Mucha R. Der apokalyptische Kaiser. Die Wahrnehmung Domitians in der apokalyptischen Literatur des Frühjudentums und Urchristentums. Frankfurt am Main: Peter Lang, 2015. XII + 491 S.
Фигура римского императора Домициана (годы правления 81—96 по Р. Х.) не без основания привлекает к себе внимание как специалистов по Новому Завету и ранней истории христианства, так и историков-античников. Для первых представляет интерес отношение императора к христианам, гонителем которых он остался в церковной памяти, притом что в христианских текстах, относящихся к эпохе самого Домициана или ближайших к ней по времени, его имя прямо не называется1. Перед вторыми стоит интересная и важная задача представить объективный портрет императора, которого авторы, писавшие в период его правления (Стаций, Марциал), характеризовали панегирически, а писатели последующей эпохи (Плиний Младший, Тацит, Светоний) представляли как жестокого тирана. Знаменательно, что в итоге Домициан оказался фигурой однозначно отрицательно оцениваемой и в христианской, и в языческой традициях.
В центре внимания немецкого исследователя Роберта Мухи интереснейшая проблема восприятия императора Домициана в иудейской и христианской апокалиптической литературе. Несколько памятников, относящихся к этой категории, допускают датировку временем Домициана (или близким к нему) и отмечены антиримским настроением, ввиду чего закономерно возникает вопрос, можно ли в их отрицательных образах, предположительно связанных с Римом, видеть отражение личности последнего императора из династии Флавиев, и если да, то в силу каких факторов могла сложиться эта зловещая символика? В поисках ответов на эти вопросы Р. Мухе пришлось написать значительную по объему и в высшей степени насыщенную фактологически и аргументационно монографию. Рецензент должен признаться, что уже давно ему не приходилось читать столь «плотного» научного труда. Здесь буквально каждая фраза включена в какой-нибудь аргументационный ряд, рубрикация продумана до мелочей, каждый подраздел снабжен промежуточными выводами, а список литературы совершенно не содержит наименований, включенных туда «для галочки», — каждая публикация полноценно задействована в исследовательском процессе.
Следующая за начальным «Введением в проблематику» первая часть монографии (с. 9—71) посвящена предварительному соотнесению явлений Домициана и апокалиптики.
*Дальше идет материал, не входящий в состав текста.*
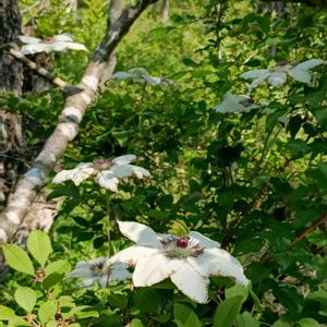 カザグルマ(風車) キンポウゲ科センニンソウ属の 落葉つる性低木 花弁はなく、花弁のように見えるものは、萼片だそうです。 花の見頃は、少し、過ぎていましたが、 盛んに咲いているカザグルマの花、 萼片が落ちて、残った花柱、 落ちる前なのか🤔?、萼片が反り返ったユニークな花姿…が見られました。 園芸種のクレマチスは、 自生のカザグルマなどから交配によって作出されたものだそうです。 そんなことを知ると、余計、 カザグルマを見る目が違ってきます😆
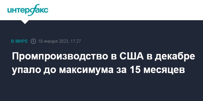Москва. 18 января. INTERFAX.RU - Объем промышленного производства в США в декабре упал на 0,7% по сравнению с предыдущим месяцем, рекордными темпами за 15 месяцев, свидетельствуют данные Федеральной резервной системы.

Здесь вначале обозревается биография императора и его оценка современниками. Затем рассматривается общее состояние иудейства и христианства в период правления Домициана, причем особое внимание уделено, во-первых, апокалиптической литературе как средству выражения иудейских и христианских идей, а во-вторых, взаимоотношениям между иудейством
1 Первые упоминания о Домициане как гонителе принадлежат Мелитону Сардийскому (фрагмент, сохранившийся у Евсевия Кесарийского (Historia Ecclesiae IV. 26) и Тертуллиана (Apologeticum 5. 3—4). Классический вид это представление принимает у Евсевия (Historia Ecclesiae III. 13-20).
и христианством, с одной стороны, и империей и императорской властью — с другой. Отмечается активность Домициана в деле утверждения императорского культа в Малой Азии, обращается внимание на устрожение сбора «иудейского фиска» (fiscus judaicus), которое могло иметь значимые последствия как для иудеев, так и для христиан. В заключительном, третьем, разделе первой части внимание исследователя сосредотачивается на таком важном аспекте апокалиптической литературы, как ее «оппозиционность» по отношению к доминирующим общественно-политическим и религиозным структурам. Здесь подчеркивается обращенность апокалиптики к истории, ее «заинтересованность» в ней (geschichtsinteressiert), что делает небессмысленным поиск в апокалиптических писаниях характеристик тех или иных исторических лиц, в частности императоров.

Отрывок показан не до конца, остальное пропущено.